EXERCISE INSTRUCTIONS: Below is a listing to write out in full, exactly as given, without its pictures.

DATA:
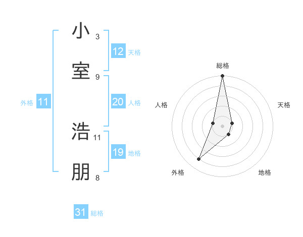 小室 浩朋さんを姓名の画数から五運を鑑定
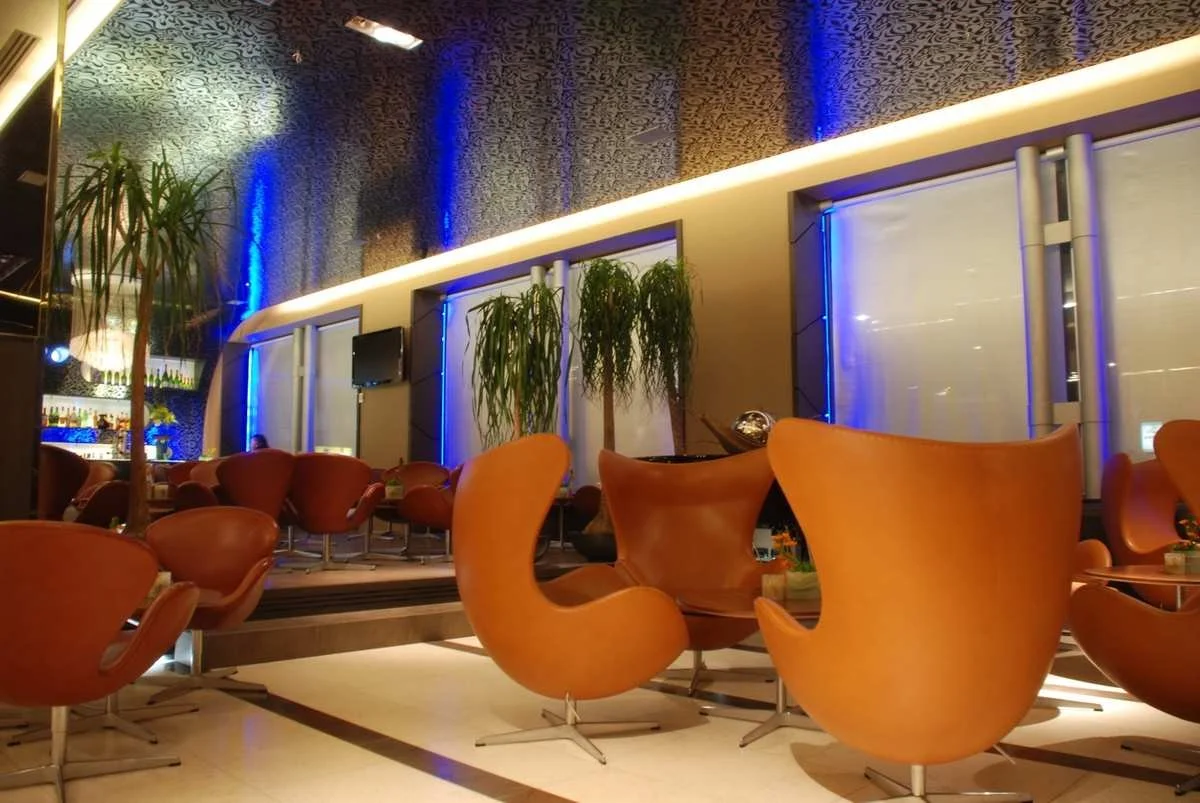 The relationship between the hotel and the city is underlined by the large windows in the hall: to screen the
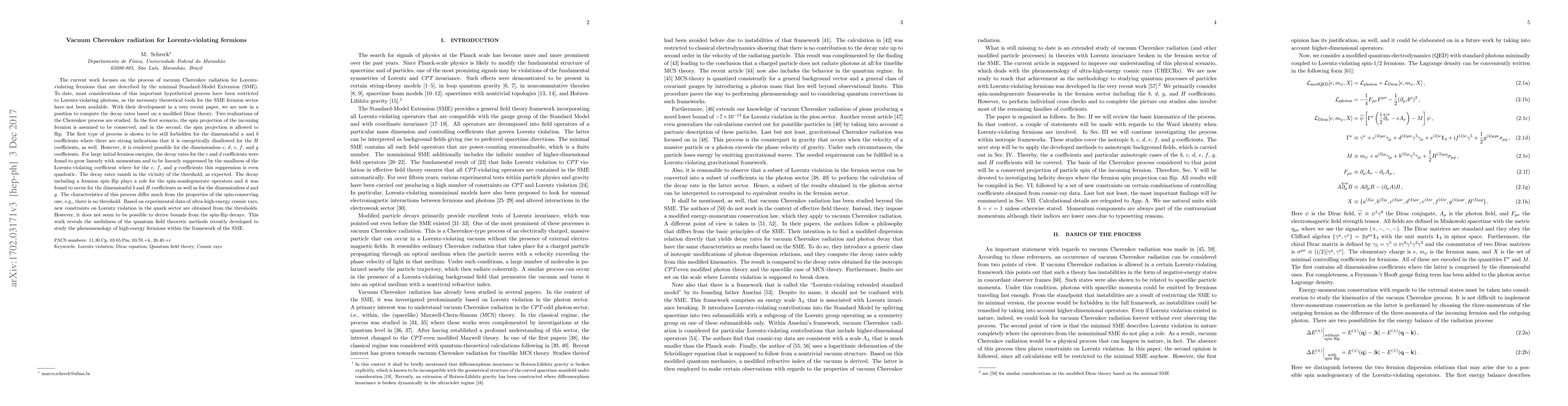 The current work focuses on the process of vacuum Cherenkov radiation for Lorentz-violating fermions that are described by the minimal Standard-Model Extension (SME). To date, most considerations of this important hypothetical process have been restricted to Lorentz-violating photons, as the necessary theoretical tools for the SME fermion sector have not been available. With their development in a very recent paper, we are now in a position to compute the decay rates based on a modified Dirac theory. Two realizations of the Cherenkov process are studied. In the first scenario, the spin projection of the incoming fermion is assumed to be conserved, and in the second, the spin projection is allowed to flip. The first type of process is shown to be still forbidden for the dimensionful $a$ and $b$ coefficients where there are strong indications that it is energetically disallowed for the $H$ coefficients, as well. However, it is rendered possible for the dimensionless $c$, $d$, $e$, $f$, and $g$ coefficients. For large initial fermion energies, the decay rates for the $c$ and $d$ coefficients were found to grow linearly with momentum and to be linearly suppressed by the smallness of the Lorentz-violating coefficient where for the $e$, $f$, and $g$ coefficients this suppression is even quadratic. The decay rates vanish in the vicinity of the threshold, as expected. The decay including a fermion spin flip plays a role for the spin-nondegenerate operators and it was found to occur for the dimensionful $b$ and $H$ coefficients as well as for the dimensionless $d$ and $g$. The characteristics of this process differ much from the properties of the spin-conserving one, e.g., there is no threshold. Based on experimental data of ultra-high-energy cosmic rays, new constraints on Lorentz violation in the quark sector are obtained from the thresholds.

OUTPUT BELOW:
 小室 浩朋さんを姓名の画数から五運を鑑定
 The relationship between the hotel and the city is underlined by the large windows in the hall: to screen the
 The current work focuses on the process of vacuum Cherenkov radiation for Lorentz-violating fermions that are described by the minimal Standard-Model Extension (SME). To date, most considerations of this important hypothetical process have been restricted to Lorentz-violating photons, as the necessary theoretical tools for the SME fermion sector have not been available. With their development in a very recent paper, we are now in a position to compute the decay rates based on a modified Dirac theory. Two realizations of the Cherenkov process are studied. In the first scenario, the spin projection of the incoming fermion is assumed to be conserved, and in the second, the spin projection is allowed to flip. The first type of process is shown to be still forbidden for the dimensionful $a$ and $b$ coefficients where there are strong indications that it is energetically disallowed for the $H$ coefficients, as well. However, it is rendered possible for the dimensionless $c$, $d$, $e$, $f$, and $g$ coefficients. For large initial fermion energies, the decay rates for the $c$ and $d$ coefficients were found to grow linearly with momentum and to be linearly suppressed by the smallness of the Lorentz-violating coefficient where for the $e$, $f$, and $g$ coefficients this suppression is even quadratic. The decay rates vanish in the vicinity of the threshold, as expected. The decay including a fermion spin flip plays a role for the spin-nondegenerate operators and it was found to occur for the dimensionful $b$ and $H$ coefficients as well as for the dimensionless $d$ and $g$. The characteristics of this process differ much from the properties of the spin-conserving one, e.g., there is no threshold. Based on experimental data of ultra-high-energy cosmic rays, new constraints on Lorentz violation in the quark sector are obtained from the thresholds.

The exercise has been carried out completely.